Milk | Chol_mg | 14.6 | 9.3 |

Dark | Fiber_g | 7.4 | 3.8 |

Milk | Fiber_g | 2.3 | 1.8 |

Dark | Na_mg | 20.2 | 29.1 |

Milk | Na_mg | 76.5 | 44.5 |

Dark | Protein_g | 7.5 | 1.9 |

Milk | Protein_g | 6.7 | 1.4 |

Dark | SatFat_g | 22.7 | 7.7 |

Milk | SatFat_g | 18.3 | 5.4 |

Dark | Sugars_g | 31.1 | 15.0 |

Milk | Sugars_g | 48.5 | 15.8 |

Dark | TotFat_g | 40.0 | 7.4 |

Milk | TotFat_g | 31.5 | 4.3 |

- Make side-by-side boxplots for each of the variables, for type of chocolate. (Use the grammar of graphics in
`ggplot2`

.) Write a paragraph explaining how the type of chocolate differs nutritionally.

```
choc %>%
gather(var, value, Calories:Protein_g) %>%
ggplot(aes(x = Type, y = value)) +
geom_boxplot() +
facet_wrap(~ var, scales = "free_y")
```

*Milk chocolates are generally higher on sugar, cholesterol, sodium (Na) and carbs, but lower in calories from fat, and saturated fat.

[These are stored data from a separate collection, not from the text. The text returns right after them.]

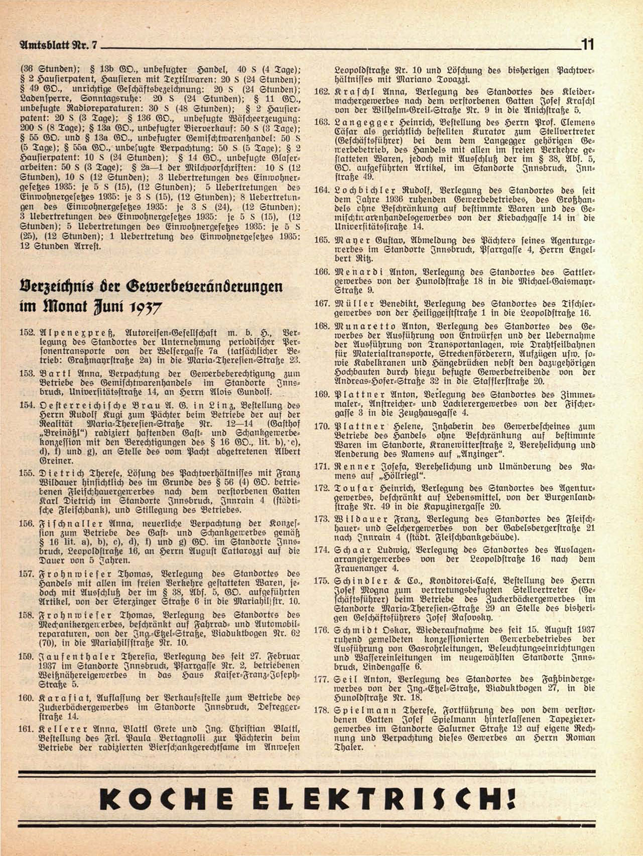 1937 im Standorte Innsbruck, Pfarrgasse Nr. 2. betriebenen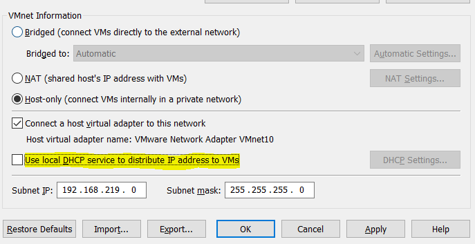 그럼 이렇게 기본으로 VMnet10이 생성되고 Host-only 모드로 된 것을 볼 수 있습니다.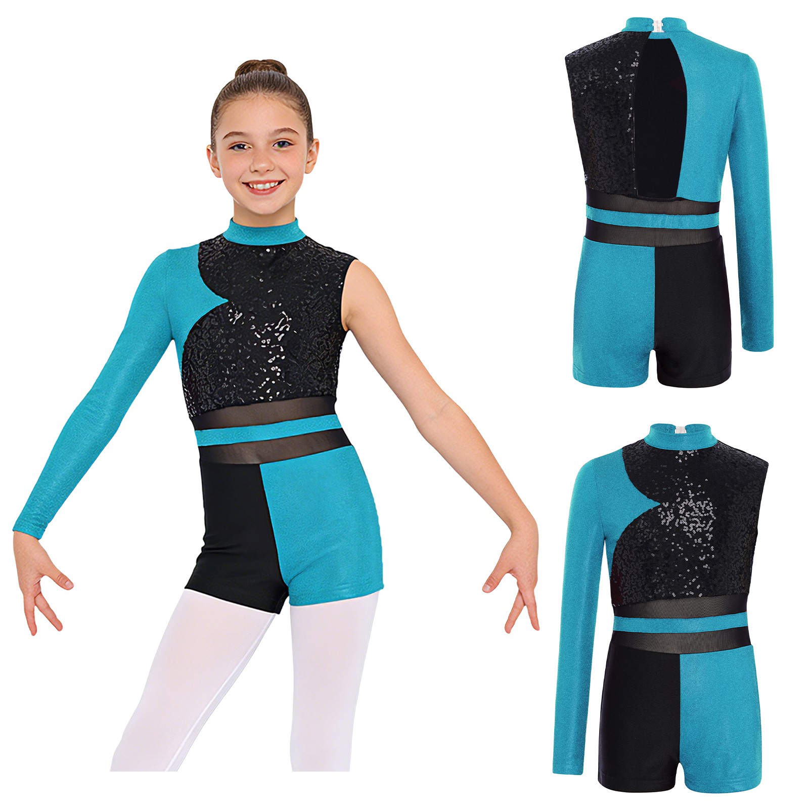 Kids Girls Dancewear Workout Leotard Metallic Jumpsuit Figure Ice Skating Show

Dark chocolates tend to have more fibre.*

- Compute two sample t-tests for each of the variables. Which variable most distinguishes the chocolate type? (This may need to be done using the base R function.)

```
choc %>%
gather(var, value, Calories:Protein_g) %>%
rowid_to_column() %>%
spread(Type, value) %>%
group_by(var) %>%
summarise(p_val = t.test(Dark, Milk)$p.value) %>%
arrange(p_val)
# # A tibble: 10 x 2
# var p_val
# <chr> <dbl>
# 1 Fiber_g 1.48e-12
# 2 TotFat_g 1.12e- 9
# 3 Na_mg 6.62e- 8
# 4 CalFat 2.10e- 7
# 5 Chol_mg 2.28e- 6
# 6 Sugars_g 4.10e- 6
# 7 Carbs_g 4.44e- 6
# 8 SatFat_g 2.78e- 3
# 9 Protein_g 2.20e- 2
# 10 Calories 7.44e- 2
```

Fibre is the nutritional item that most distinguishes milk from dark chocolate.